The exercises you’ve done in class are representative of midterm questions:

Exercise What it tested
ARP vs. DHCP (Lecture 2) Four-invariant comparison, coordination reasoning
DNS no caching (Lecture 3) What-if scenario, dependency tracing
QUIC cascade (today) Interface renegotiation, cross-invariant cascade
DHCP no expiry (next exercise) Closed-loop reasoning, time invariant

Exercise: Closed-Loop Reasoning

In-Class Exercise: What If DHCP Leases Never Expired?

Suppose the DHCP server grants an address permanently — no lease duration, no renewal, no reclamation.

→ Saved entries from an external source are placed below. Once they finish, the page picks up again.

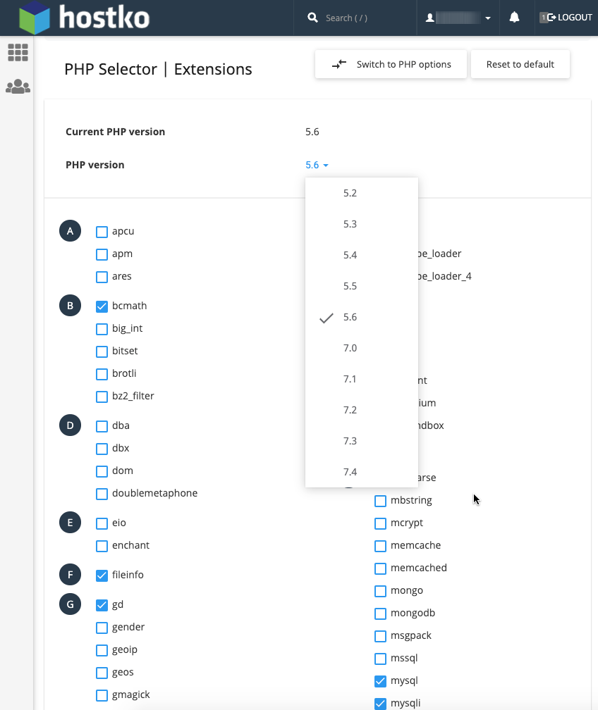 Pod PHP Version, pa lahko izbirate med samimi verzijami. Če to želite to verzijo zamenjati z novejšo npr. 7.3, enostavno klinite na številko pod PHP Version in izberite 7.3. Sistem bo za vas aktiviral PHP 7.3.
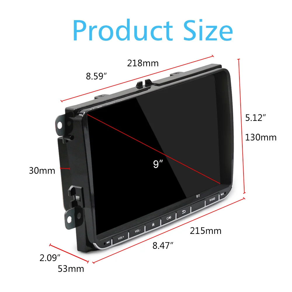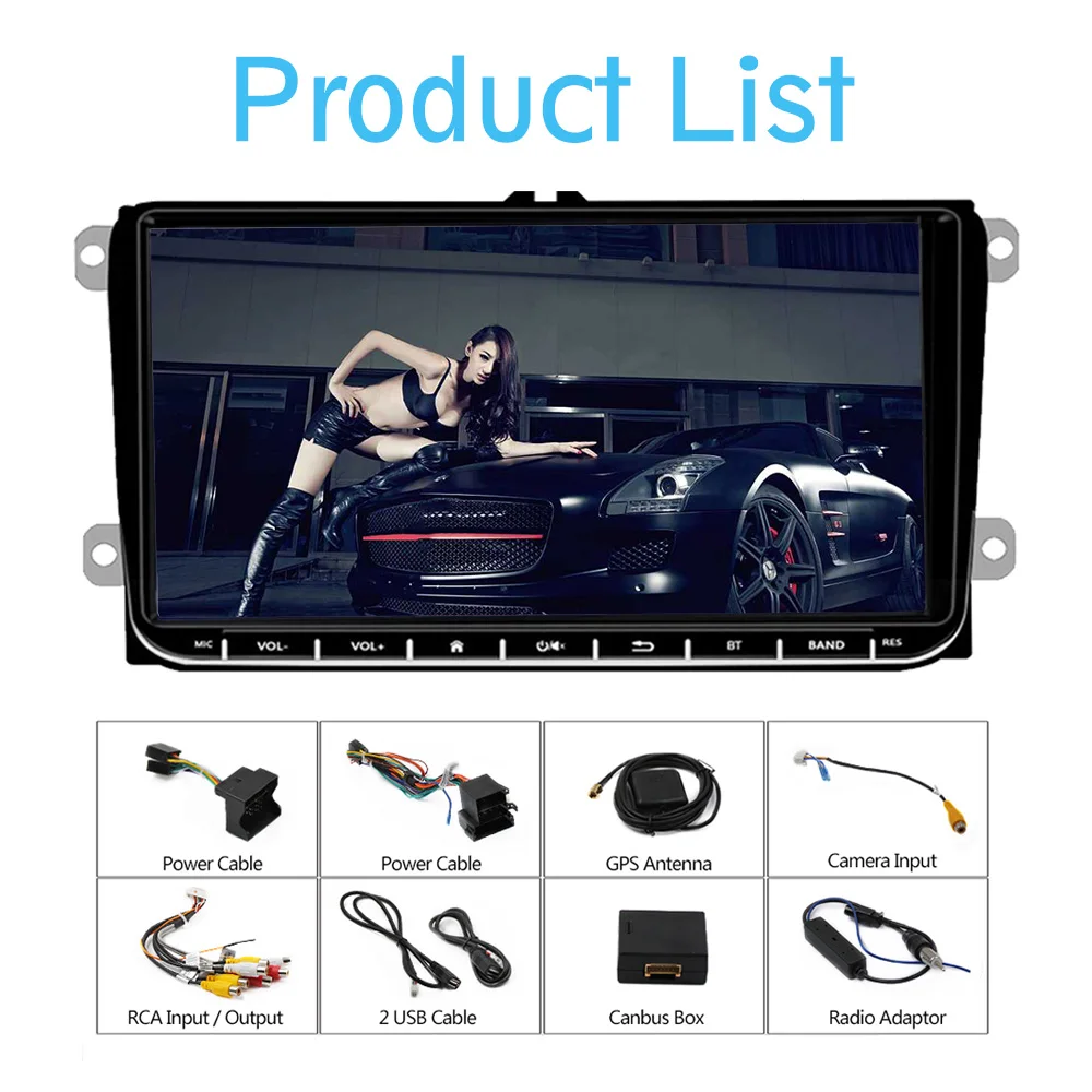 Оригинальный автомобильный радиоприемник в заводском стиле для VW Passat Golf MK5 MK6 Jetta T5 EOS POLO Touran Seat SharanCan-bus в комплекте2 DIN 9 дюймов TFT ёмкостный Тач-Экран.Системы AndroidСупер высокое разрешение с 1024x600 пикселей1,2G 4 ядра Процессор с 1G DDR3Встроенная флеш-память 16 Гб для музыки, навигационной карты, данных и видеоAM/FM радио, автоматическое хранилище памяти/предустановленное сканированиеЗеркальная ссылка для смартфонаВстроенный Bluetooth 4,0 с A2DP/громкой связью/телефонной книгой2 x Задний вход USBВстроенный GPS приемник, совместимый с Waze/Navfree/Google Map и т. д.Задняя Камера ВходНесколько настроек эквалайзераГромкость, Фейдер, баланс, высокие частоты, управление басамиМультимедийный плеер, совместимый со всеми форматами4x45 Вт Выходная мощность2 канальный RCA Выход2-канальный задний видео вход2CH задний RCA вход2 канальный задний аудиовыходВстроенный WI-FIРулевое колесо УправлениеЯзык: японский китайский традиционный китайский упрощенный вьетнамский малайский, датский, немецкий, испанский, филипинский, грамматика Хорватский, итальянский, латышский, датский, польский, португальский, Римский, шведский, финский, вьетнамский, турецкий, болгарский, русский, русский, украский, иврит, урду, Арабская, персидский, бенгальский, финский тайский серебряный бирманский в Корейском стиле
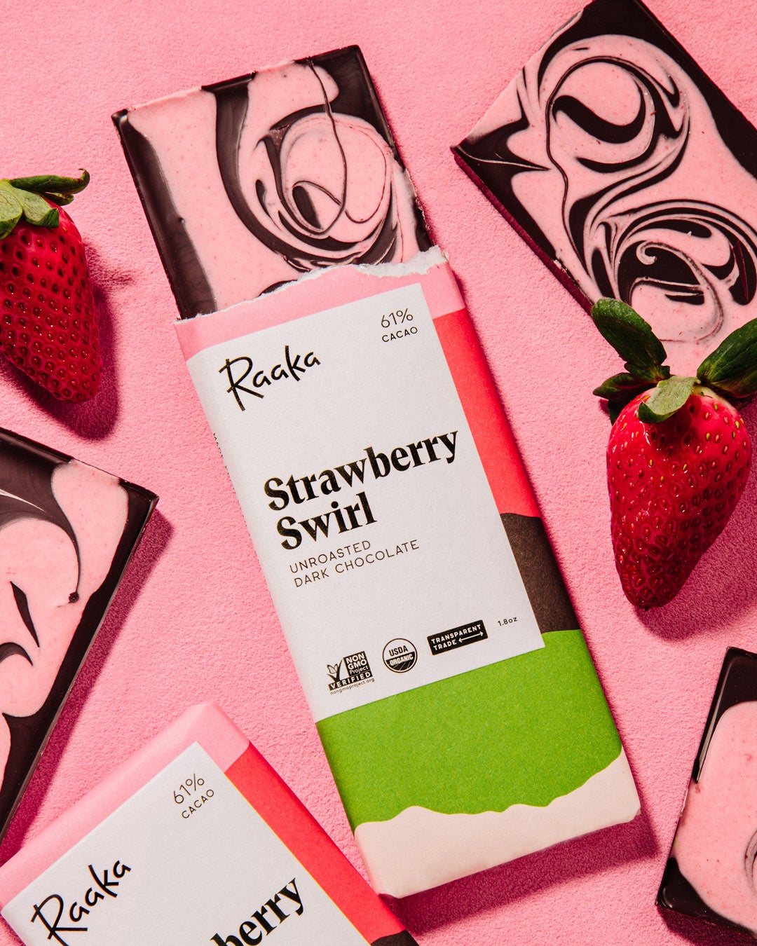 5. Raaka Chocolate Strawberry Swirl Single Bar
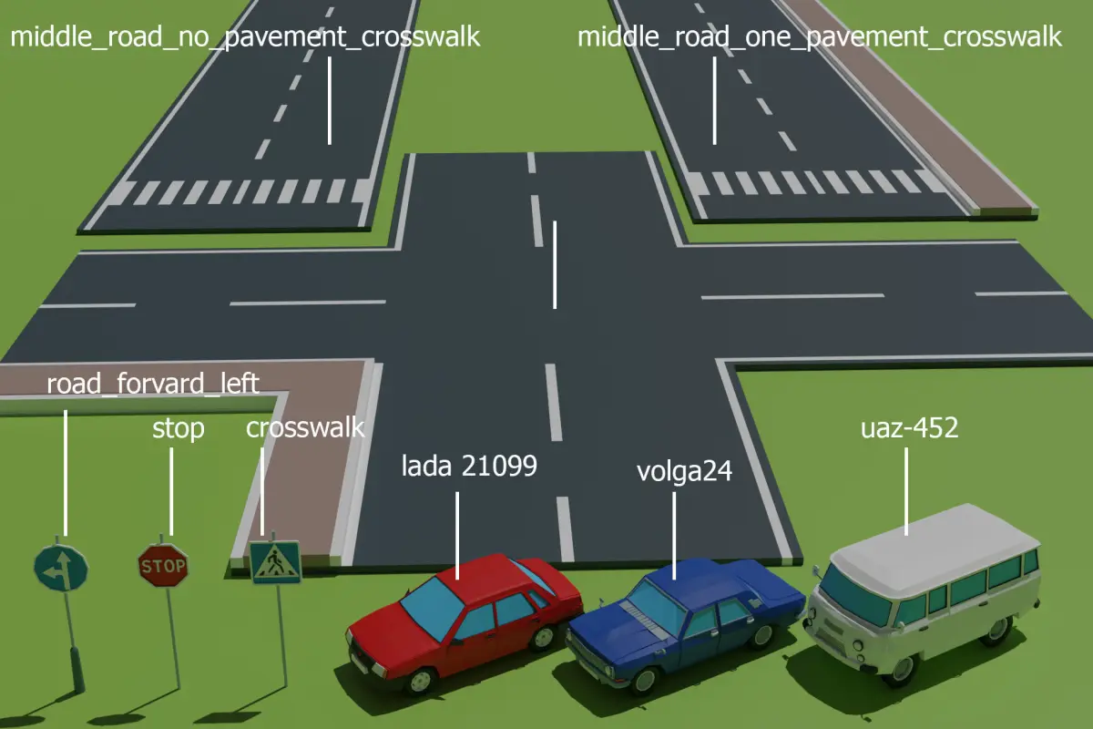 3 roads (crossroads with one curb) (long road with one curb) (long road without curbs) in the full version there are 40 elements of roads (big and small turns, small and big bus stops, small, big and average roads, roads with pedestrian crossings)
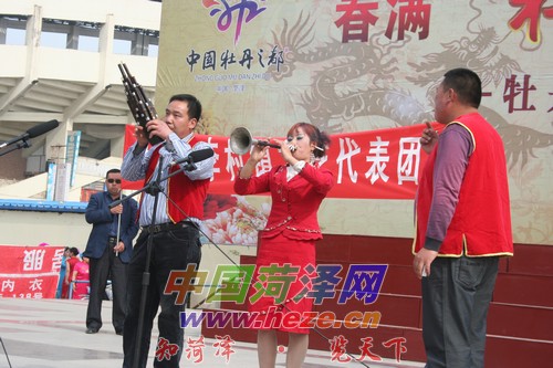 婀娜的舞姿、动听的乐曲、华美的服装、投入的演出、热情的观众……在文艺演出现场,时而锣鼓喧天,时而掌声阵阵。《丰收锣鼓》、《欢庆腰鼓》、《中国龙》等精彩节目一个接着一个。牡丹区李村镇的唢呐表演《花木兰》征服了在场所有观众。只见表演者在吹奏一曲后,将点燃的十余根香烟分别插在鼻孔、耳朵和嘴里。香烟在燃烧的同时,仍然吹得曲正腔圆,大家无不拍手叫绝。
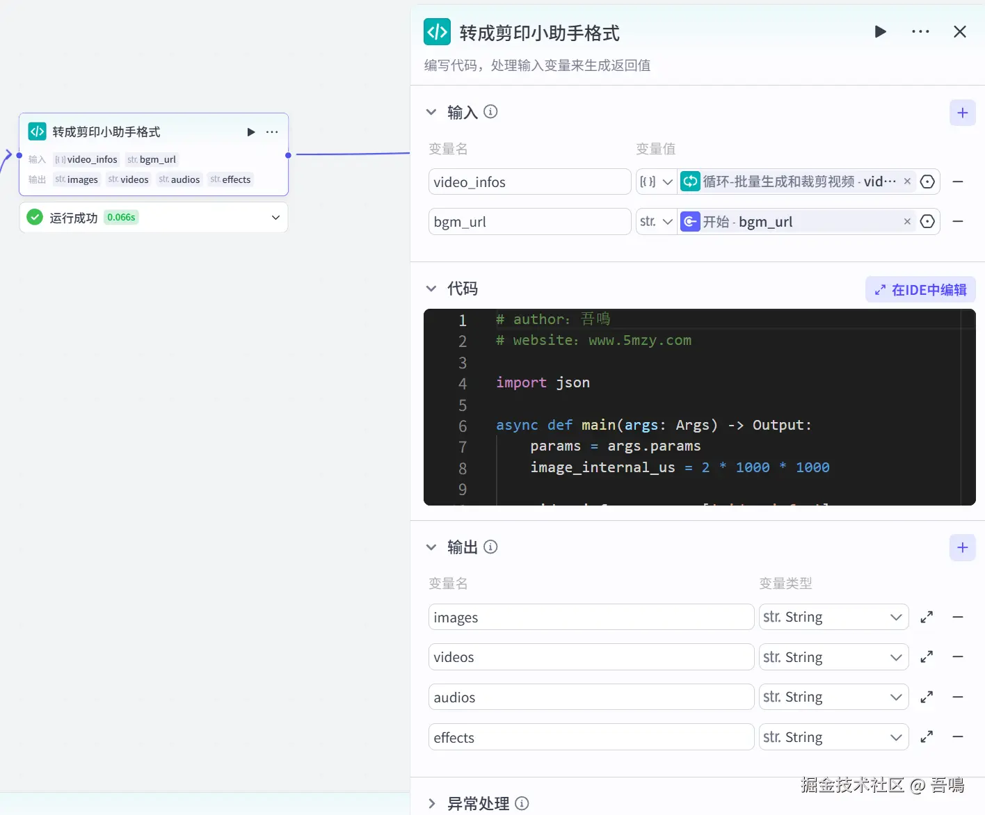 这个节点使用到了扣子官方的【代码】节点,用于把视频、图片、背景音乐等转成视频合成插件需要使用到的时间线数据格式。
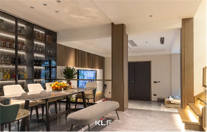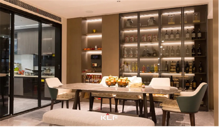 开放式层板带灯透出轻奢奢品质感,让整体空间看起来更加立体,将开放收纳格打造成收藏天地,轻松满足纵横四海,以酒为友的场景需求。

Your task (5 minutes, work in pairs):

  1. What problems arise? Think about a coffee shop with a /24 subnet (254 usable addresses).
  2. Which invariant is most affected?
  3. Connect your answer to the closed-loop reasoning principle: what mechanism did you just remove?

Hint: Think about what the lease expiry actually does in DHCP’s feedback loop.

Exercise Discussion: DHCP Without Lease Expiry

Problem: address exhaustion. A coffee shop with 254 addresses would exhaust its pool in a day — departed clients never return their addresses.

Most affected invariant: Time

The lease duration is the mechanism that couples allocation to actual usage. Without it:

  • State: allocation table grows unbounded. Server’s belief (“this address is in use”) diverges from reality (“that device left hours ago”) — with no measurement signal to correct it
  • Time: no renewal mechanism → no way to reclaim → system is open-loop
  • Coordination: server still centralizes, but has lost the ability to reallocate

The lease IS the closed-loop mechanism. Without it, DHCP has no way to correct stale state.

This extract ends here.